*Exercise aim*.
Nothing but the lines below from the one containing "This indicator calculates" through the one containing "兩段式可調式按扣,可掛推車、背包或褲頭" should appear in the answer, exact and without pictures.

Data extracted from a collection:
##############################

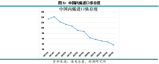 中国丙烯进口依存度自2014年开始便呈现下滑趋势,已经从2014年的14.2%下降至2024年的3.6%。从长期来看,随着中国丙烯产能的进一步释放,国内丙烯供应充足,对于丙烯进口的需求降低,中国丙烯的进口依存度预计将会进一步降低。
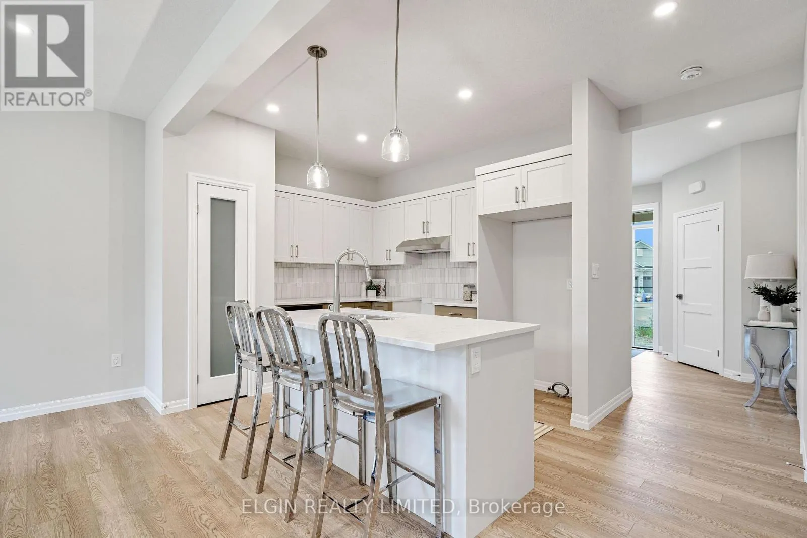Cross Streets: Wellington Rd & McBain Line. ** Directions: Wellington Rd to McBain Line, right on Watson Cres., left on Freeman Line, left on McBain, right on Columbus Court, semi on left side - builder sign on. Move-in ready and thoughtfully crafted by Hayhoe Homes, this beautifully designed 2-storey semi-detached home offers 4 bedrooms, 2.5 bathrooms, and an attached single-car garage, situated on a large pie-shaped lot at the end of a quiet cul-de-sac in the highly sought-after community of Lynhurst Heights. The open-concept main floor features 9' ceilings and luxury vinyl plank flooring throughout, with a designer kitchen boasting quartz countertops, tile backsplash, pantry, and a large central island that flows seamlessly into the great room and dining area, where patio doors lead to a rear deck overlooking green space. Upstairs, the spacious primary suite includes a walk-in closet and private 4-piece ensuite with double sinks and a walk-in shower, complemented by three additional bedrooms, a full bathroom, and a convenient second-floor laundry closet for stacked washer/dryer units. The unfinished basement offers excellent development potential for a future family room and additional bathroom. Additional highlights include a covered front porch, central air, HRV system, Tarion New Home Warranty, and numerous upgrades throughout. Taxes to be assessed. (id:27476)
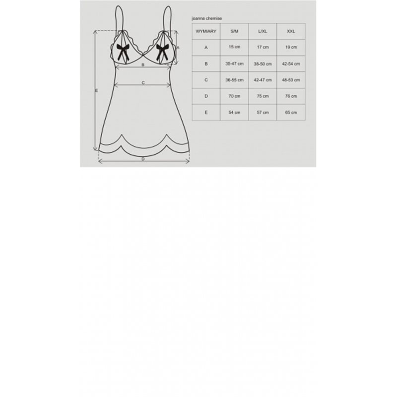 Klasyczna haleczka typu babydoll z elastycznego cienkiego materiału. Bardzo ciekawe miseczki rozcięte na środku i związane cienką atłasową wstążeczką. Uzupełnieniem są naszyte drobne falbaneczki. Całość bardzo ładnie kształtuje talię. Haleczka posiada regulowane szelki. W komplecie stringi.
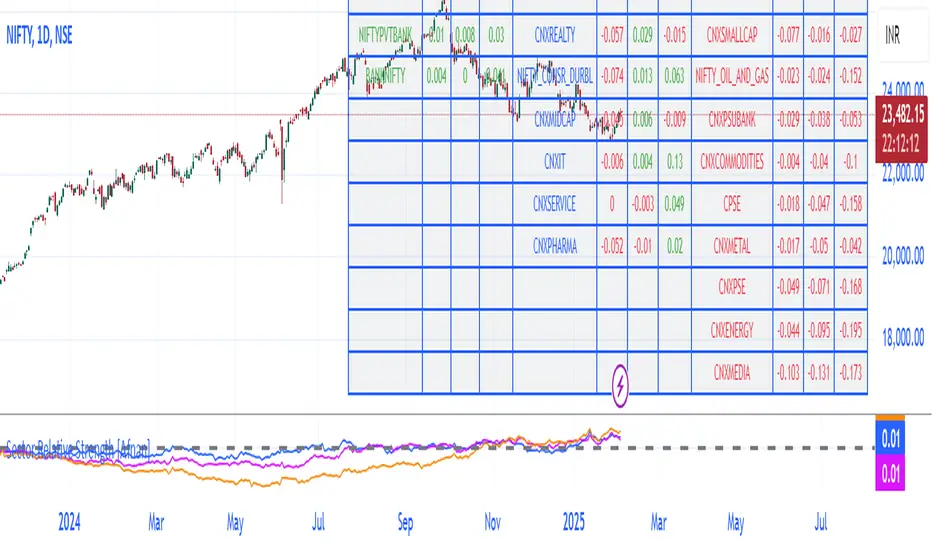 This indicator calculates and displays the relative strength (RS) of multiple sectors against a chosen benchmark. It allows you to quickly compare the performance of various sectors within any global stock market. While the default settings are configured for the Indian stock market , this tool is not limited to it; you can use it for any market by selecting the appropriate benchmark and sector indices.
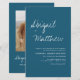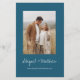 Orçamento Personalize este Simples Teal Escuro Elegante e Na moda Branco com sua mensagem e detalhes com uma foto elegante no verso. Este convite minimalista inclui a tipografia da escrita à mão na moda com uma cor moderna para a celebração especial do dia do casamento.
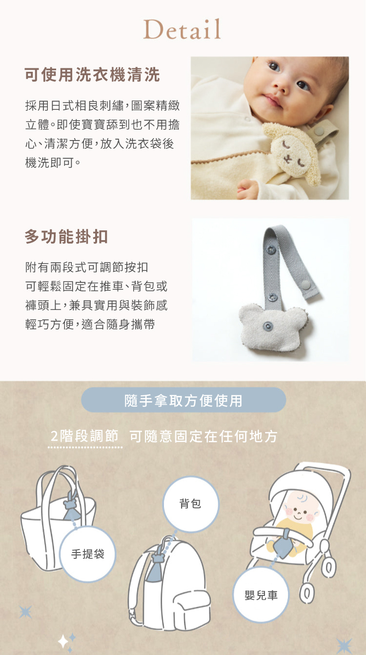 兩段式可調式按扣,可掛推車、背包或褲頭
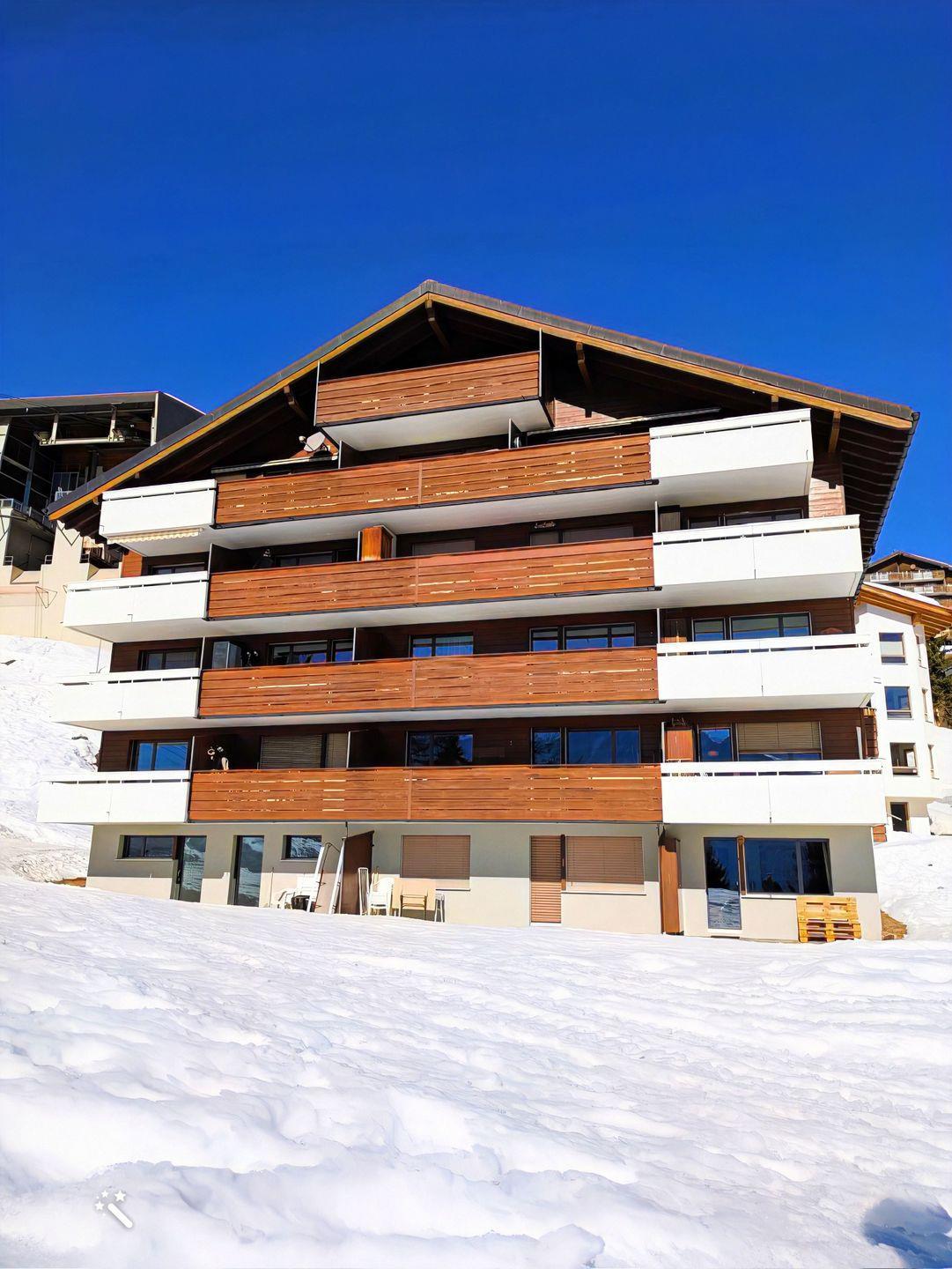 Alpenhaus: Das Alpenhaus befindet sich am unteren Ortsrand von Bettmeralp. Trotz der ruhigen Lage sind Gondelbahnen, Skilifte und der Ortskern in ca. 10 Gehminuten erreichbar. Das Haus verfügt über eine Waschküche mit Waschmaschinen und Trockner sowie einen Ski-/Snowboardraum mit Skischuhheizung. Die Balkone sind nach Süden ausgerichtet und bieten Blicke auf die gegenüberliegenden Berge bis zu den Walliser Alpen. Im Winter ist das Haus am Ende eines Skitages direkt mit den Skiern erreichbar; die umliegende Wiese lädt im Sommer zum Toben und Sonnen ein, im Winter zum Iglu-Bauen.
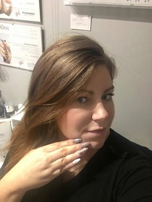 “After creating an acrylic enhancement, I filed and buffed my nails into shape. I applied my Gelish colours and cured.
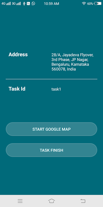 After login with the app employee will see his/her total task details and before starting any task employee should open the google map on
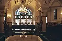 Um meio piso superior alberga o gabinete e sala de conferências, o secretariado de Farah Diba, além de salas e quartos de dormir do pessoal de serviço. Na área da escadaria também se encontra uma sala onde são mantidos os uniformes e ordens de Mohammad Reza.
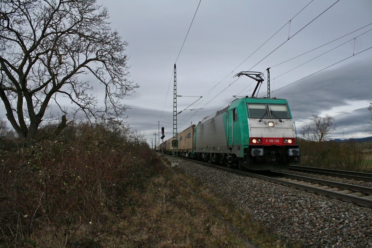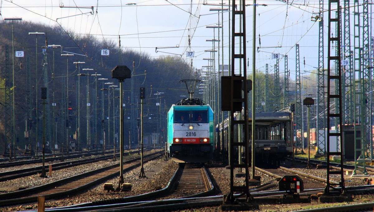 Die Cobra 2816 fährt mit einem langen Containerzug aus Verona(I) nach Antwerpen-Noord(B) bei der Ausfahrt aus Aachen-West und fährt in Richtung Montzen/Belgien bei Sonne und Regenwolken am Nachmittag vom 23.3.2014.
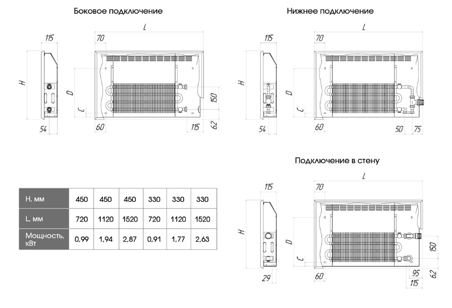 - Межосевое расстояние, мм - 150 (боковое подключение), 50 (нижнее подключение)
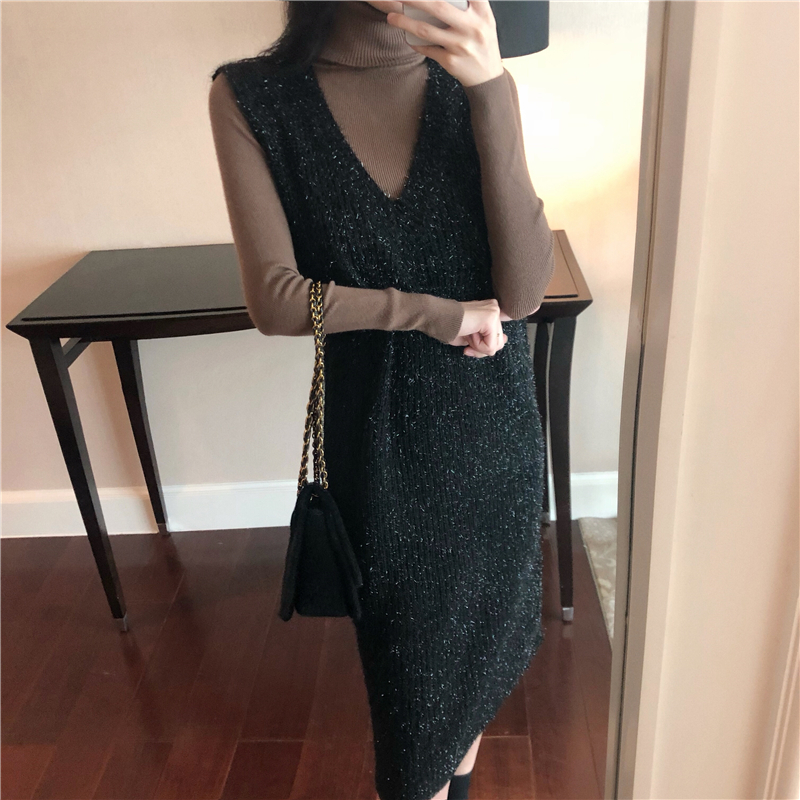 港味時尚女神套裝秋冬新款寬松亮閃針織長裙+加厚高領毛衣兩件套

##############################

*Exercise answer*.
 This indicator calculates and displays the relative strength (RS) of multiple sectors against a chosen benchmark. It allows you to quickly compare the performance of various sectors within any global stock market. While the default settings are configured for the Indian stock market , this tool is not limited to it; you can use it for any market by selecting the appropriate benchmark and sector indices.
 Orçamento Personalize este Simples Teal Escuro Elegante e Na moda Branco com sua mensagem e detalhes com uma foto elegante no verso. Este convite minimalista inclui a tipografia da escrita à mão na moda com uma cor moderna para a celebração especial do dia do casamento.
 兩段式可調式按扣,可掛推車、背包或褲頭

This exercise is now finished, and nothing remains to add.